Brief: In the entries that follow, repeat exactly the lines from the one that has "Spring proposal of" through the one that has "Envoyez par email", but omit pictures.
┌────────
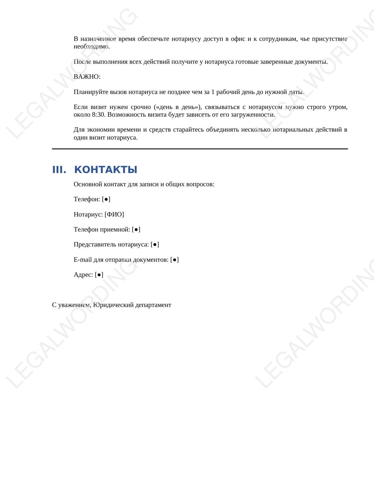 A ready-made "Contacts" section that you can easily customize with your preferred notary's details.
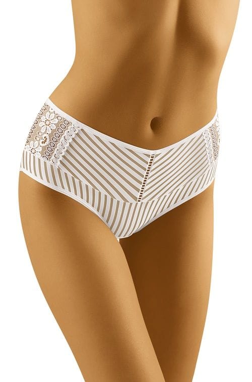 Spring proposal of the well-known Wolbar brand - sophisticated briefs Eco-Pa. Made of impressive fabric with a stripe motif, slightly transparent, subtly modeling the upper parts of the body (at the top the pattern was used obliquely), with lace flowers on the sides. Feminine and comfortable! Composition: 83% polyamide, 17% elastane.
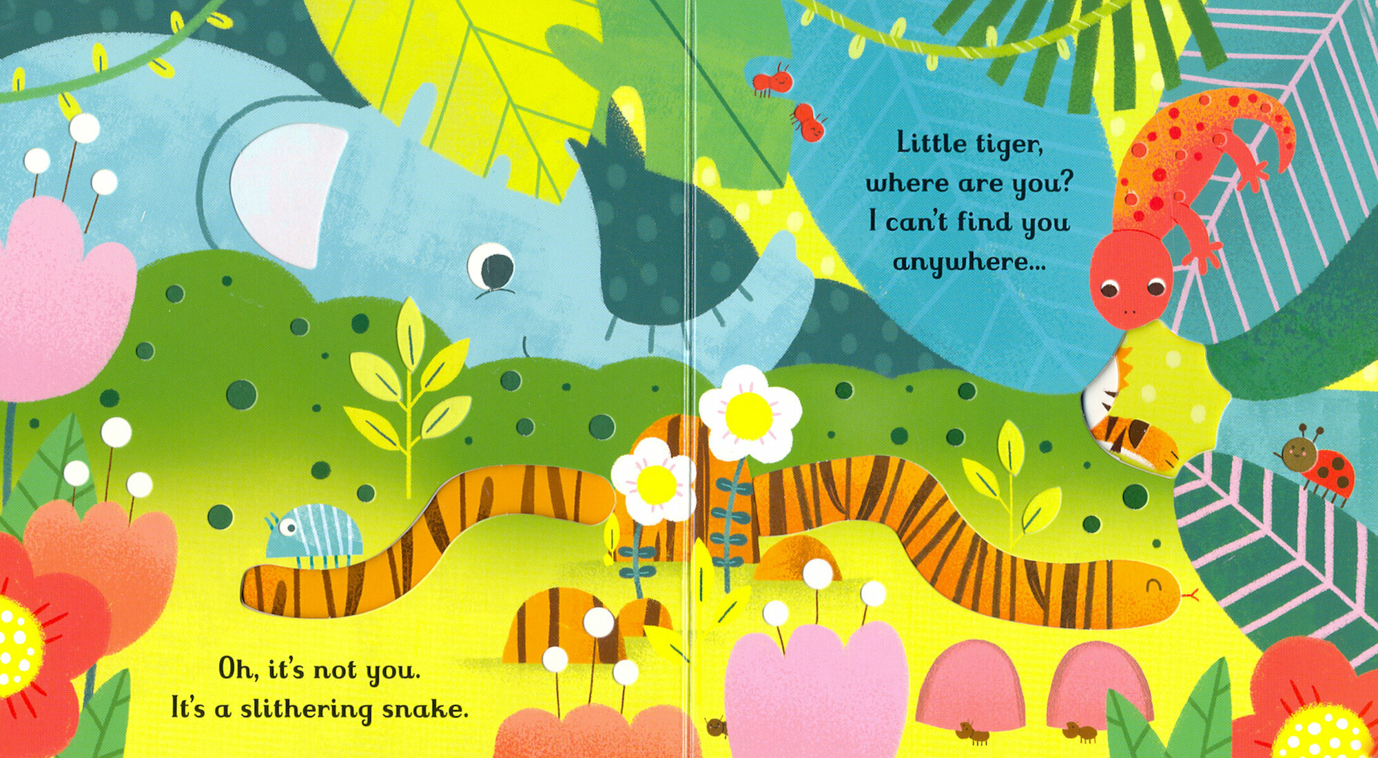 This playful book takes little children on a hide-and-seek adventure in search of the elusive little tiger. Die-cut holes on each page seem to reveal the tiger, only for it to turn out to be a different animal entirely when they turn the page. And, of course, they finally discover the tiger at the end.
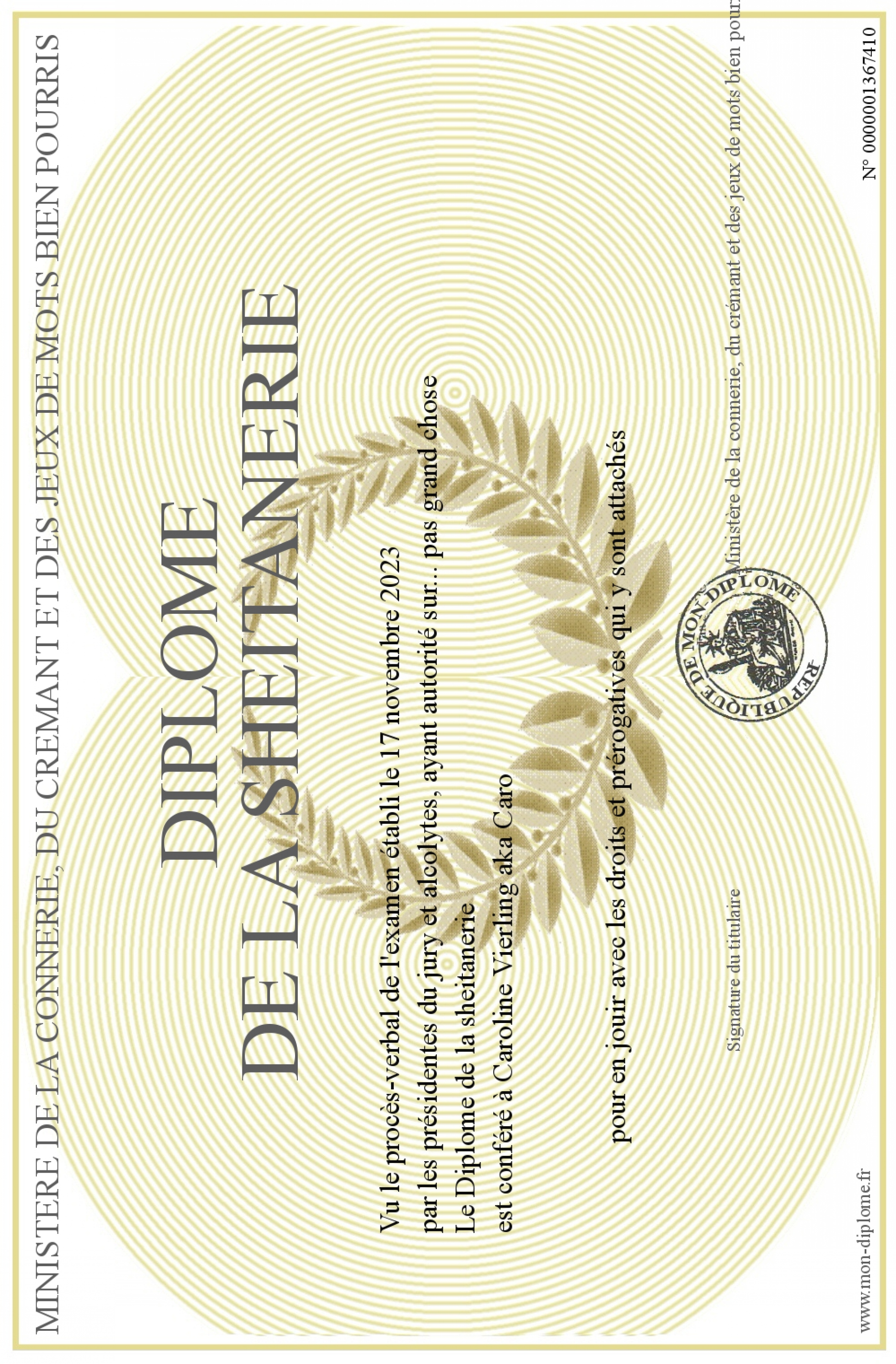 Envoyez par email votre Diplome de la sheitanerie personalisé
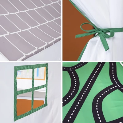 - Spacious 44″L x 44″W x 50″H polyester play tent with sturdy plastic poles has tie-back doors, open windows on the side, and a colorful floor with a road pattern
└────────
Response to this exercise:
 Spring proposal of the well-known Wolbar brand - sophisticated briefs Eco-Pa. Made of impressive fabric with a stripe motif, slightly transparent, subtly modeling the upper parts of the body (at the top the pattern was used obliquely), with lace flowers on the sides. Feminine and comfortable! Composition: 83% polyamide, 17% elastane.
 This playful book takes little children on a hide-and-seek adventure in search of the elusive little tiger. Die-cut holes on each page seem to reveal the tiger, only for it to turn out to be a different animal entirely when they turn the page. And, of course, they finally discover the tiger at the end.
 Envoyez par email votre Diplome de la sheitanerie personalisé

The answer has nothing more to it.